Pelosi, a practicing Catholic who once famously said she prayed for former President Donald Trump, has made her pro-choice stance well-known during her 35 years representing the city named after the same saint as Pope Francis himself. In a request for comment, The Standard was told that “Out of respect for Speaker Pelosi, the Archbishop will not be doing interviews with secular media.”
This isn’t the first time that conservative Catholic bishops have threatened to deny Communion to high-profile Catholic officials who support reproductive rights. In 2004, then-presidential candidate John Kerry—the first Catholic major-party nominee since Roe v. Wade—was singled out for his pro-choice stance. Several bishops have criticized Joe Biden on similar grounds, although Pope Francis has also called the president a “good Catholic.”
Notably, this criticism has not been consistently applied to politicians who espouse other positions at odds with church teachings. While the Catholic Church strongly opposes capital punishment, for example, conservative-leaning Catholics who hold public office and advocate for the death penalty have not been so publicly targeted for their doctrinal lapses—a point Pelosi mentioned on MSNBC.

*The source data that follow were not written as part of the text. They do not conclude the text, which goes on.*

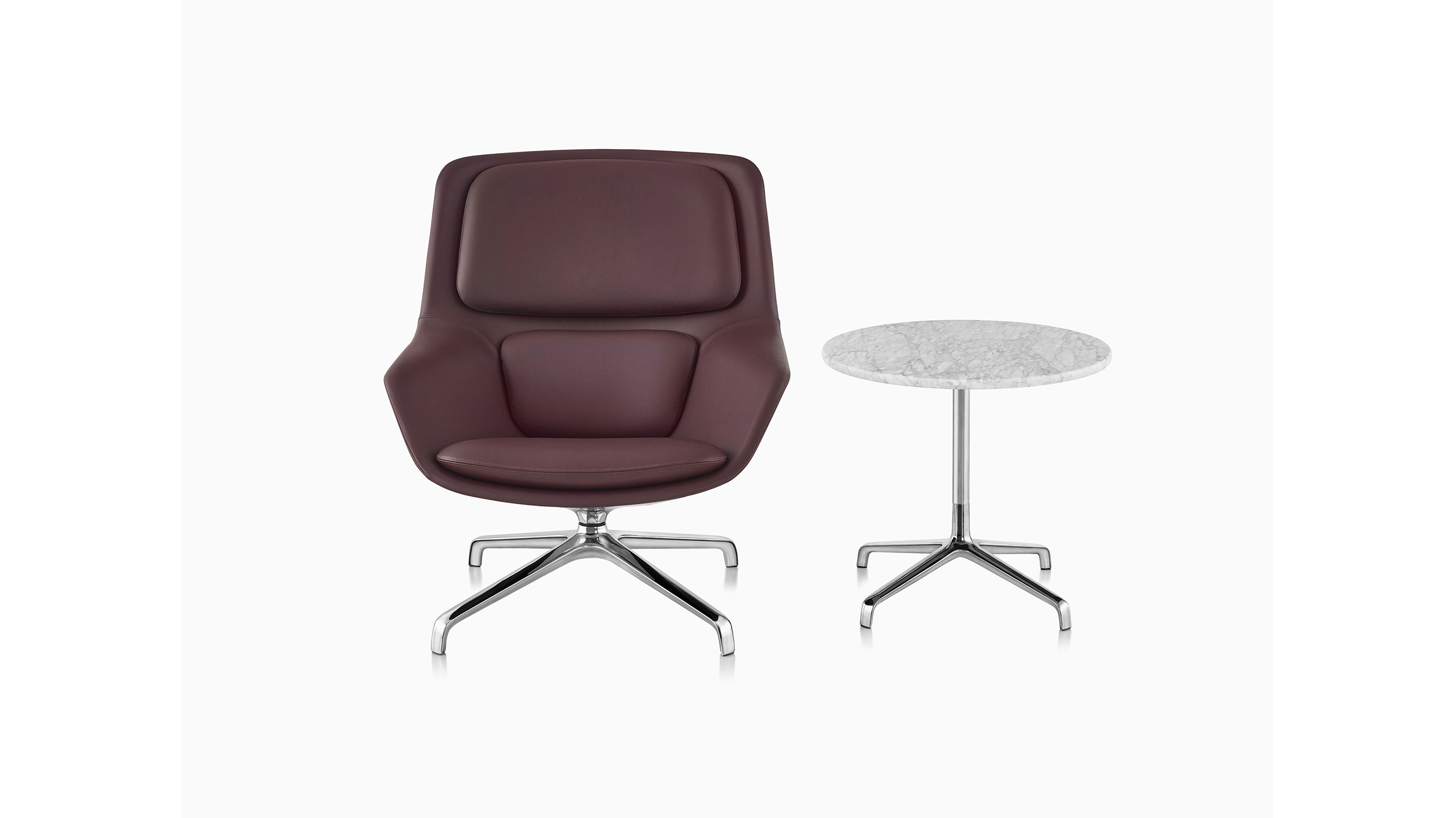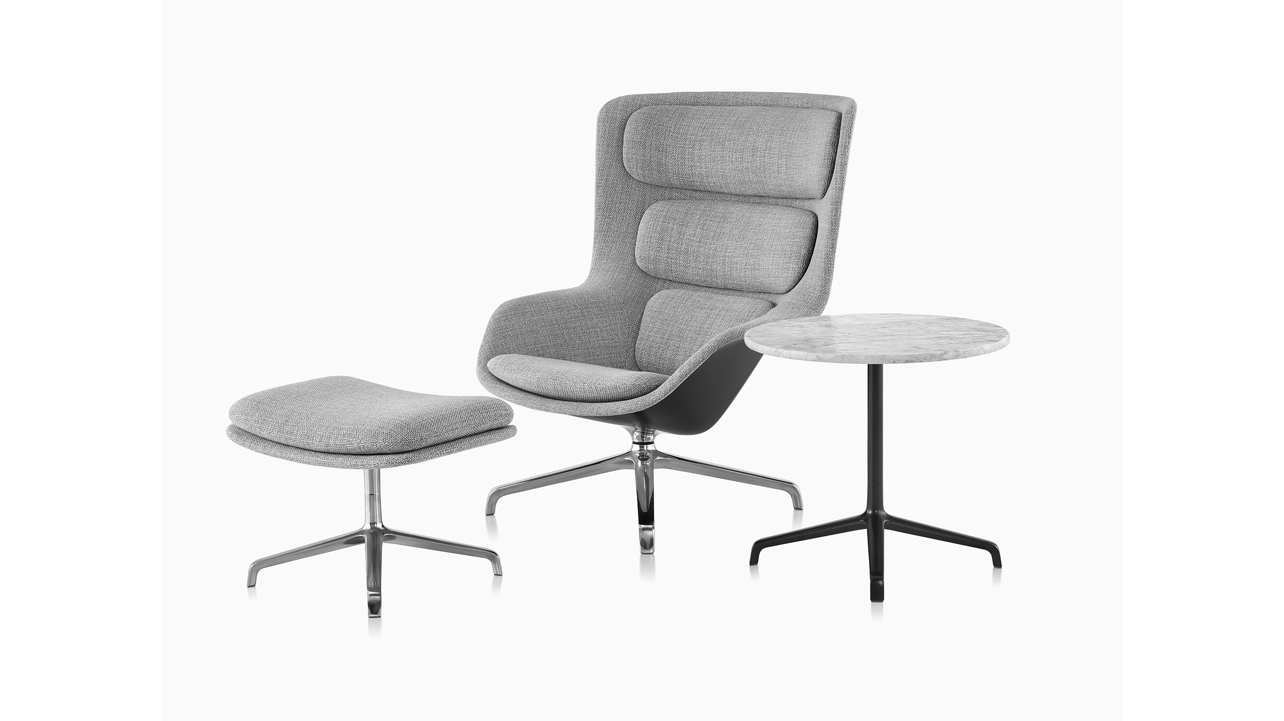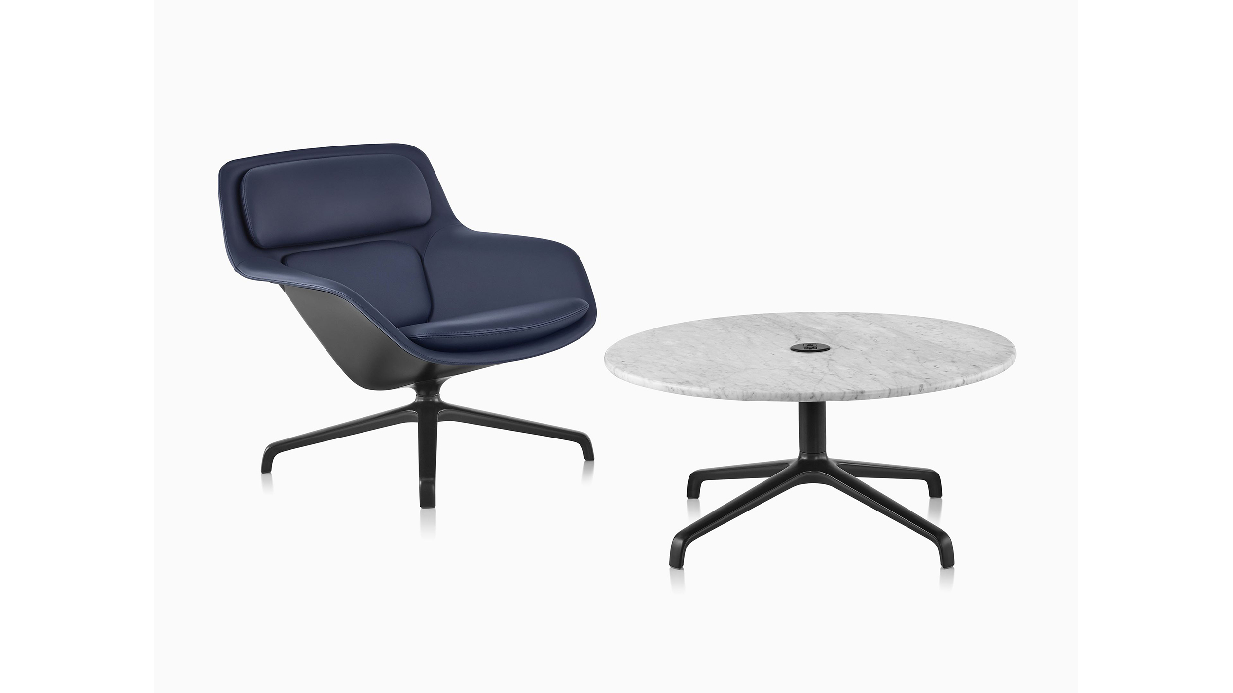Ampliando la idea de comodidad que inspiró a los diseñadores Markus Jehs y Jürgen Laub para crear su silla lounge Striad, las mesas Striad en combinación brindan una presencia segura a una variedad de esquemas laborales. Del mismo modo en que una hermosa mesa de café consolida una sala de estar, estas mesas auxiliares sirven como puntos de reunión para reuniones informales o tareas que requieren concentración. Los tableros se fijan a la altura perfecta para apoyar computadoras portátiles y otras herramientas de trabajo, con una selección de unidades USB u otras opciones de tomacorriente disponibles para mantenerlas cargadas sin comprometer el atractivo cálido y residencial. Las bases comparten el mismo perfil y materialidad elegantes que la base de estrella de cuatro puntas de la silla lounge Striad.
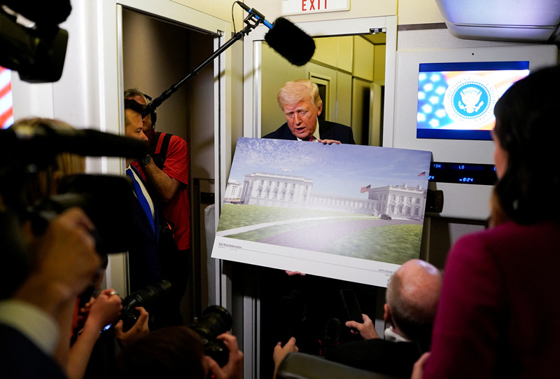 特朗普则坚持认为该项目不受任何监督的约束,他能够在没有严格审查的情况下继续推进。3月29日,他还在“空军一号”专机上向媒体介绍这一项目,“我认为,它将会成为全世界最顶级的宴会厅。”
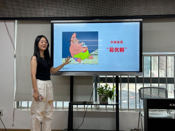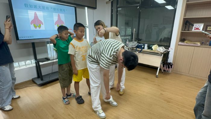 活動伊始,志愿者們以“我們的脊梁朋友”為主題展開科普宣講。他們用生動的動畫短片展示脊柱的結構,將頸椎、胸椎、腰椎比作“堆疊的積木”,形象解釋“為什么坐直了才舒服”。“如果長期歪著坐,脊柱就會像被掰彎的吸管,再也變不直啦!”志愿者李同學的比喻讓孩子們恍然大悟,紛紛挺直小身板,現場模仿起“標準坐姿”。

In Catholicism, the sacrament of Holy Communion is theologically complex. Whereas many Protestant denominations maintain that the rite merely symbolizes Jesus breaking bread with the twelve Apostles during the Last Supper, Catholic dogma goes further, stating that a priest’s intercession turns the bread and wine into the body and blood of Christ. The sacrament is the central rite of Catholic worship, and is considered an obligation for Catholics.
In other words, Communion is a very big deal. Under canon law, exclusion from Holy Communion is reserved for rare circumstances, such as when an individual has been excommunicated or perseveres in “manifest grave sin.” Indeed, in his letter to Pelosi, Archbishop Cordileone quotes canon law to accuse the politician of just that. But whatever one’s theological orientation, it would seem that moral judgment can be highly selective.